じょばんに (VCF88038@pcvan.or.jp)
I'd like to see this film more and more again.
Giovanni (VCF88038@pcvan.or.jp)

Summary
He saw the film 4 times, and thought about the realities it had. Mr.Miyazaki portayed fictional things as if they could be existed. Even though Mr.Miyazaki inuqired the realities into the film so closely, they're completely figments of his imagination. However, the world of the film does have the realities, because he accumulated such fictions with gentle deliberation and care. So, we can believe that such a wonderful encounter can be happened.

「この作品はひとつの理想化した出会いに、ありったけのリアリティーを与えながら、生きる事の素晴らしさを、ぬけぬけと唱いあげようという挑戦である」
(宮崎駿:「耳をすませば」パンフレットより)

 もう4度ほど映画館に足を運んだのだが、これほど文章としての感想を書きにくい作品もない、と少々困っている。まずもって、ストーリーの善し悪しというものを話題にもってくるようなことになるのだが、「耳をすませば」の場合、原作が少女漫画ということもあって、女の子が男の子を好きになる、またその逆、これで間違いない。そこには二人の邪魔をする悪者もいなければ、少年が少女を守るべき動機もない。二人は出会い、お互いの目指すものを求め、将来のパートナーとなることを約束する。至って明解なのである。とはいえ、それだけでは自分自身が4度も映画館に足を運ぶあろうはずがない(まぁ「On Your Mark」を観るためとも言えなくはないが(^^;)。
 結局、テーマをしぼってちょっと考えてみることにした。

★リアリティのすること。

 冒頭に引用した宮崎さんの言葉の中にも出てきたリアリティ。リアリティとはなんだろう。

 今までのジブリ作品の場合、キャラクターの動き、背景のディテールなど作品の描き込みの質そのもののこともそうであるし、今回の作品のような、現代しかも東京の郊外を舞台とするようなものの場合、「より現実に即して」ということもそれにあたる。実際、この「耳をすませば」の舞台として考えられている地域も実在する。駅周辺の様子や住宅街、雫の団地、丘陵の風景など、いずれも単なる背景に留まらず、作品の雰囲気そのものを決定しているのはうなづける。

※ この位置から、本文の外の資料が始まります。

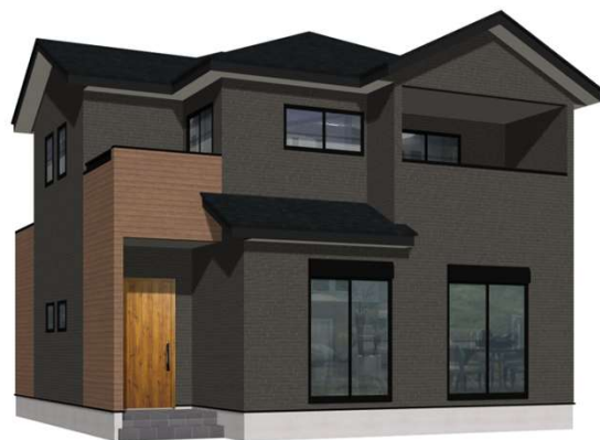
1号棟完成イメージ

 しかし万事がこの調子というわけでもない。聖司のように、中学3年生でバイオリン職人になろうというやつは(それが現実に可能であるという確証が得られていたとしても)そうはいない。あのじいちゃんのやってる地球屋のような店に出会うのも難しい(というか無理だろう)し、ましてや互いに好きになって朝焼けの中でプロポーズされるなんて、、、。
 いやそれだけではない。雨上がりの校舎の屋上から眺める風景や、聖司のアトリエのベランダから見える昼下がりの住宅街や、あの朝焼けの東京の遠景そのものも、実際にあれほど美しいのか。例えばリアリティを追求するのであれば(劇中劇「バロンのくれた物語」のシーンはともかく)、実写でやってしまえばよかったのだろうか。そんなことあろうはずがないことは容易に想像できる。

 実際にはありえないことを、いかにもこの有り得たかのように描く。リアリティを追求しつつ、最後の最後でひらりとかわす。それもぬけぬけと。そのほんのちょっとずつの慎重な「嘘」の積み重ねによって、心の中の「有り得ない」という囁きを一瞬でも戸惑わせる。それがこの「耳をすませば」が持つリアリティなんじゃないかと思う。